The M5 Touring’s belt-and-braces hardware features a beefy 4.4-litre engine that makes 577bhp at 5600-6500rpm on its own, and pairs it with a 195bhp gearbox-mounted motor, with the two of them combining to have up to 718bhp driving all four wheels (or two, if you select the right mode).
To give it a respectable motor-only range of up to 40 miles, the battery is generously sized for a plug-in, at 18.6kWh – a similar size to an original BMW i3’s, which gives you an indication of how far it could push a tiny, lightweight car.
This 5096mm long M5 that can seat five or have up to 1630 litres of luggage capacity is not a tiny, lightweight car. The hardware is bulky and weighty, so it has grown externally to cope; flared arches have made the M5 Touring wider than a regular 5-Series, at 1970mm, 70mm wider than a normal 5 Series.

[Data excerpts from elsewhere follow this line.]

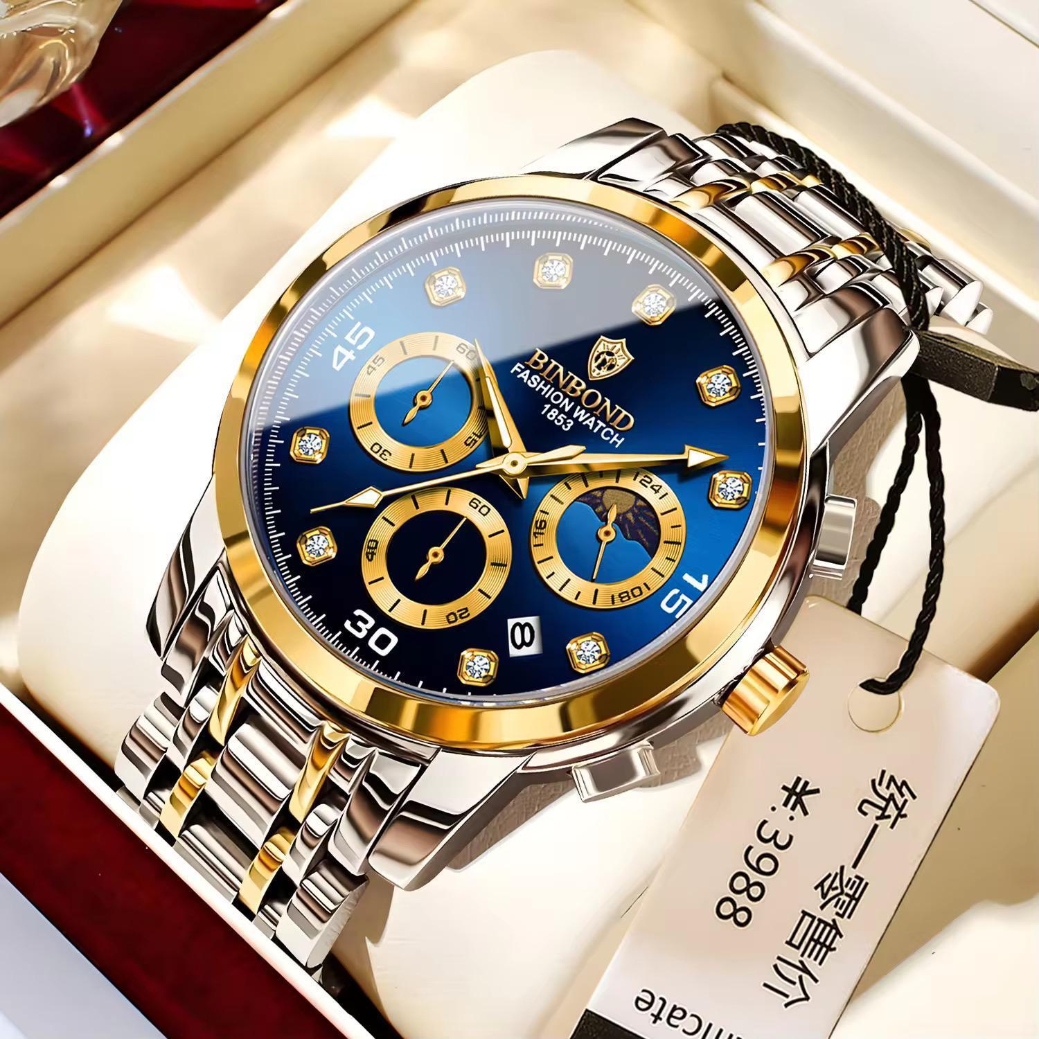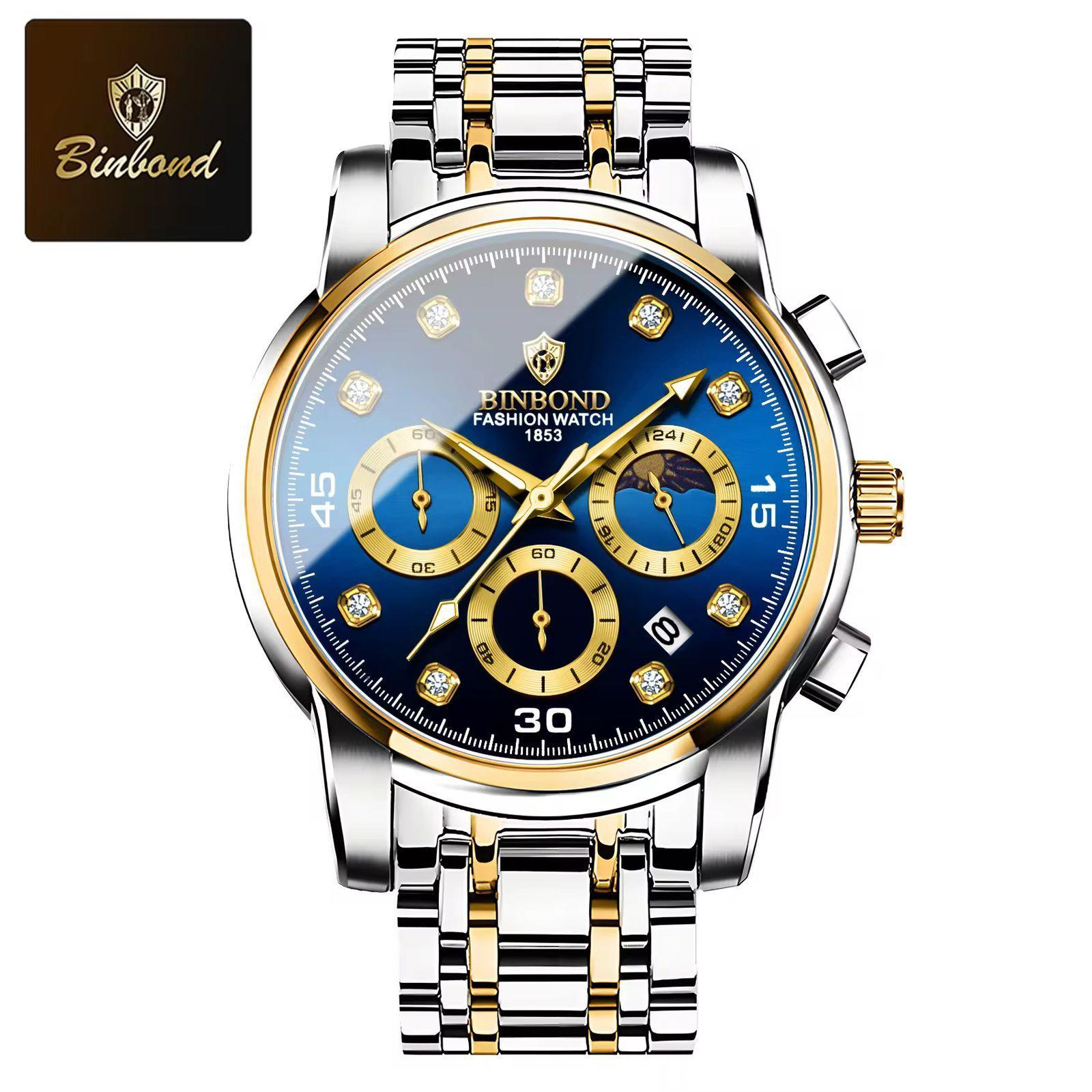 Binbond B707 Watch Casual Chronograph Men's Watches Stainless Steel Business Wristwatch Quartz Clock with Luminous Pointers for Men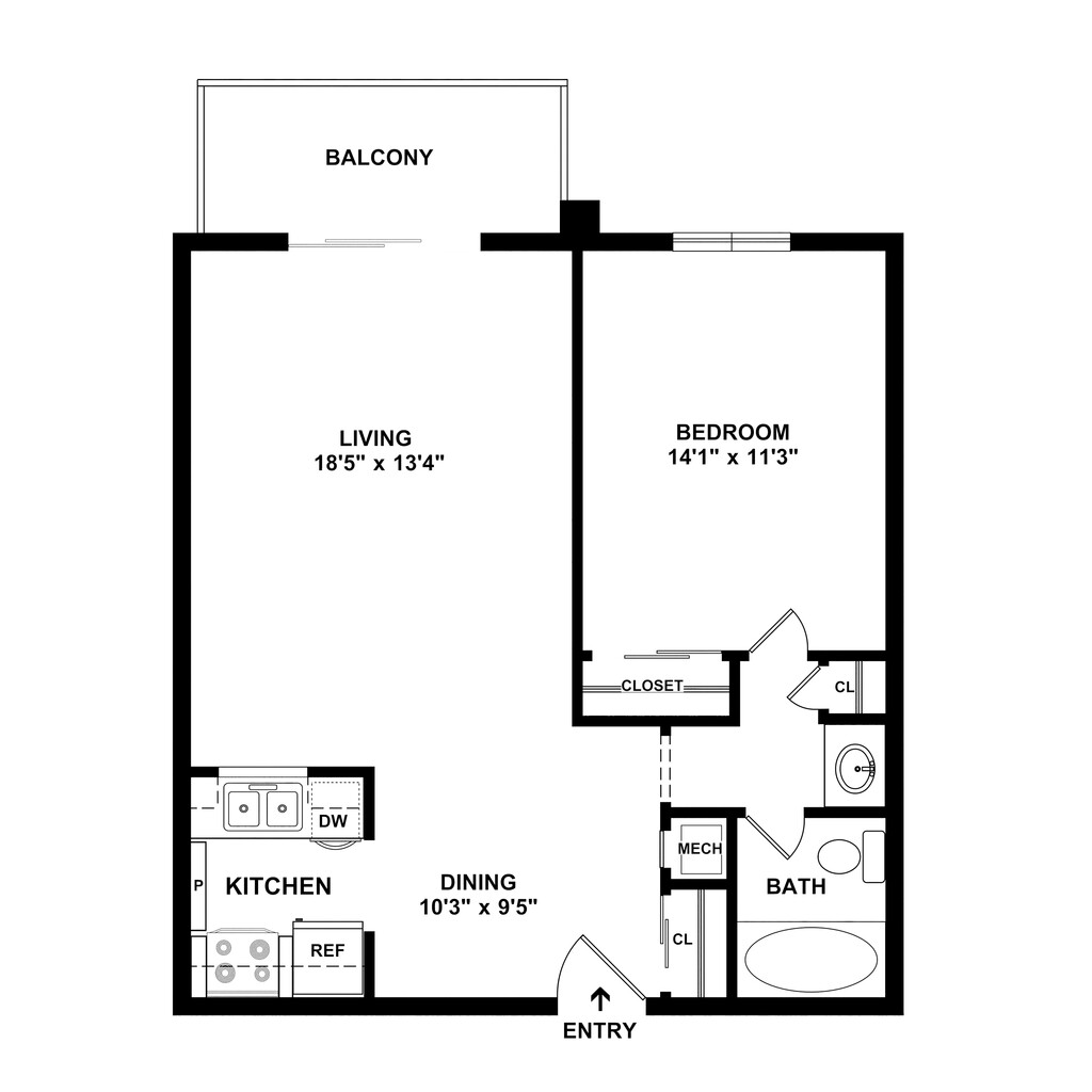 Modelo de apartamento: 1L1 Dormitorio, 1 Baño, 775 sq ftNo Disponible![]()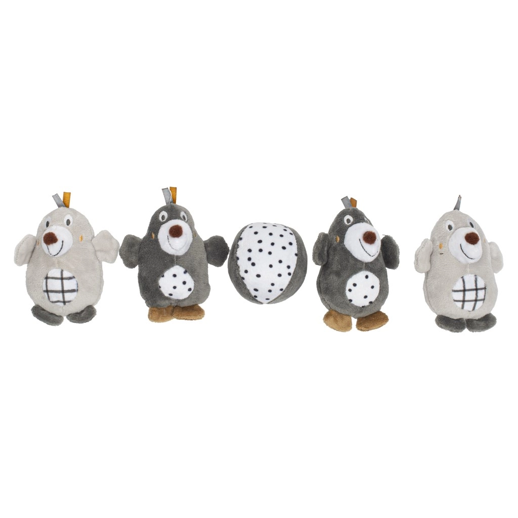 Die Plüschfiguren mit einer Höhe von ca. 12 cm drehen sich gleichmäßig und unterstützen so die Entwicklung der Augen-Hand-Koordination sowie die Konzentration. Das Mobile ist eine großartige Hilfe beim Einschlafen und unterhält das Kind während kurzer Ruhepausen.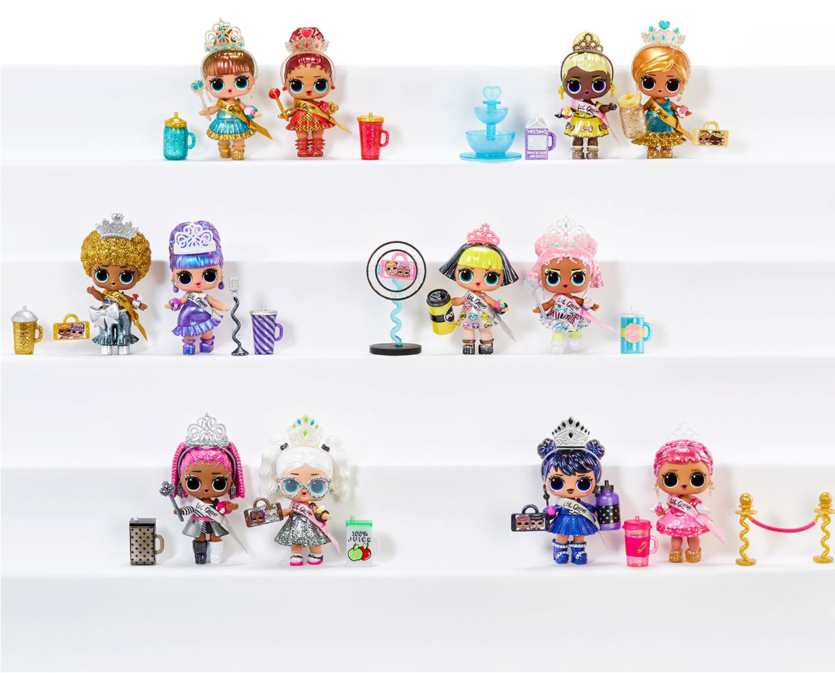 У кульки L.O.L. 9 сюрпризів: лялька в святковому мерехтливому образі, наклейка з секретним повідомленням, блискуча пляшечка, черевики, королівський наряд з блискітками, корона, аксесуар, стрічка, кулька, що перетворюється на шикарний трон.

And when I searched the press bumf for “kg” the only result that came up is that you can put 2000kg on a trailer – a potentially quite useful thing to know, but perhaps more important is the lesser screamed about 2550kg kerbweight – 40kg up on the saloon [EU weight, so including that driver/luggage-imitating 75kg over the DIN figure].
The better news, such as it is, is that when we road tested the M5 saloon, it tipped our scales, fully-fuelled but otherwise empty, at 2373kg. So this wagon is probably more like 2410kg at the kerb.